The Fall Community Conversation series closed out with a conversation featuring Dr. Lou Hart EMBA ’25, Assistant Professor of Pediatrics and Medical Director of Health Equity, Yale New Haven Health System; Dr. Ania Jastreboff, Associate Professor of Medicine (Endocrinology), Director of the Yale Obesity Research Center (Y-Weight), and Co-director of the Yale Center for Weight Management; and Data Haven Executive Director Mark Abraham. Co-sponsored by Students for Racial Equity, Carolyn Perry ’24 moderated a robust discussion of GLP-1 drugs for weight loss and diabetes.  As Perry noted, “I appreciated the discussion about the science behind these drugs, expected changes to the market, and current inequities in their distribution; however, my favorite topic was how the stigmatization of obesity has affected treatment historically and how these drugs may impact mental health and community stigma.”

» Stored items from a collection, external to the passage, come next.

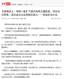 2024年11月26日17时30分许,峒河桥上,接儿子放学的闵元成听到儿子的惊呼——“爸爸,有人掉河里了!”闵元成来不及多想便跑向河岸,彼时气温只有两三摄氏度,河面泛着凛冽寒气。 落水女子身着薄棉衣,双手无力地摊开,头时不时浸入水中,近乎昏迷。桥边围观群众纷纷拨打报警电话,跑到河岸的闵元成立即脱去衣服,一头扎进水中,向落水女子游去。只见他一把抓住对方的后背衣服,奋力向岸边游。 “脱掉衣服是因为羽绒服进水后会很重,在水中很不方便;救人也只能从背后下手,以免被对方抱住。”闵元成向记者分享施救“诀窍”。 河水冰冷刺骨,短短十多米的距离,闵元成用了近一分钟的时间才游到岸边,在岸上三人的配合下,成功挽救落水女子的生命。 救起落水女子后,闵元成冻得瑟瑟发抖,连姓名都没留下,就带孩子回了家。后来,经过社区多方打探,才得知英雄就藏在人群中。 闵元成英勇救人的事迹在吉首市引起很大反响,当如潮好评涌来时,他坦然说:“我自幼生活在峒河边,熟悉水性,遇到群众有危难,挺身而出是义不容辞的责任。” 这并非闵元成第一次救人,青年时期他就曾救过3人。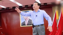 陈浩带着记者来到他展示“优美动作”的会议室。平常能容纳千人的教室,如今桌椅收起、地上有些灰尘,网络流传的视频里挂在正中间的个人照已经摘下。而两边的红色旗帜还很显眼。陈浩称,教室怎么布置自己不插手。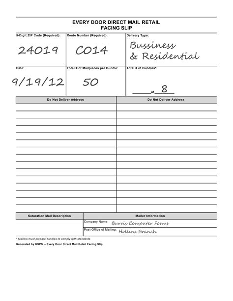 Eddm Facing Slip Sample - Facing slips facing slips are used to indicate the carrier route, quantity, and number of bundles per route. When you sign up for eddm online you can download a facing slip with some of your eddm facing slip information already filled out on it: One facing slip is generated for each route, so make copies as. Every door direct mail.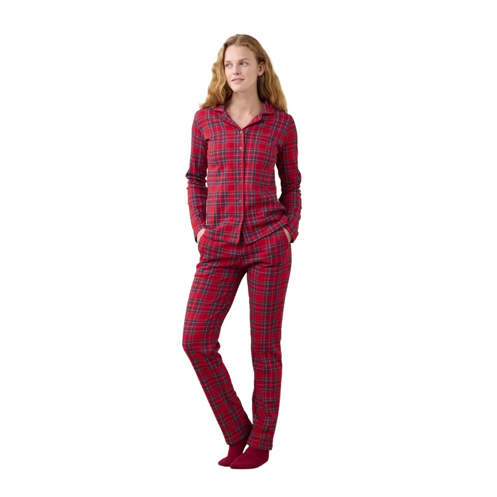 Pigiama donna in caldo cotone con taglio uomo. Top con colletto e apertura frontale, pantalone lungo con tasche e stampa cachemire su tutto il completo. Ideale per la stagione invernale.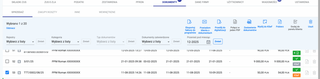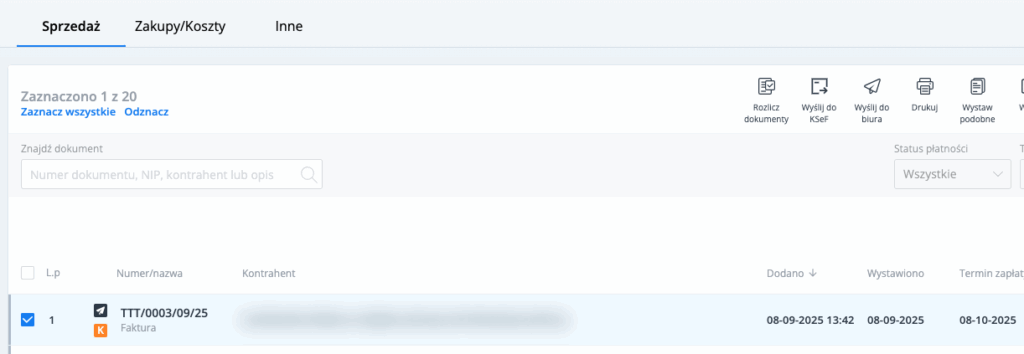 Po zaznaczeniu faktury na liście dokumentów pojawia się opcja „Wyślij do KSeF„.
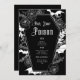 Aceite o encantamento com este elegante sinal de mesa de casamento gótico, perfeito para um casamento de Halloween. Esta design moderna e elegante combina uma estética boho-escura com uma vibração mórbida e assustadora, capturando a essência de uma celebração de outubro. Intrajado com teias de morcegos e aranhas, ao lado de delicados elementos florais, esse cartaz de bar apresenta uma paleta de cores preto-e-branco impressionante. Ponha o tom para o seu dia especial com uma combinação única de assombração da beleza e da elegância do eterno.

Strengthening the relationship between SOM and the local community is a personal goal of both Willoughby-Robinson and PSEII Faculty Director Judith Chevalier, both of whom were born in New Haven and have lived here most of their lives.  As Tiffany Lau ’24 remarked about the semester’s efforts, “We MBA students typically only spend two years in New Haven. Yet for those students who do get involved in the community, it has been a very enriching experience.” Expanding the scale and scope of those experiences is an ongoing goal of the PSEII.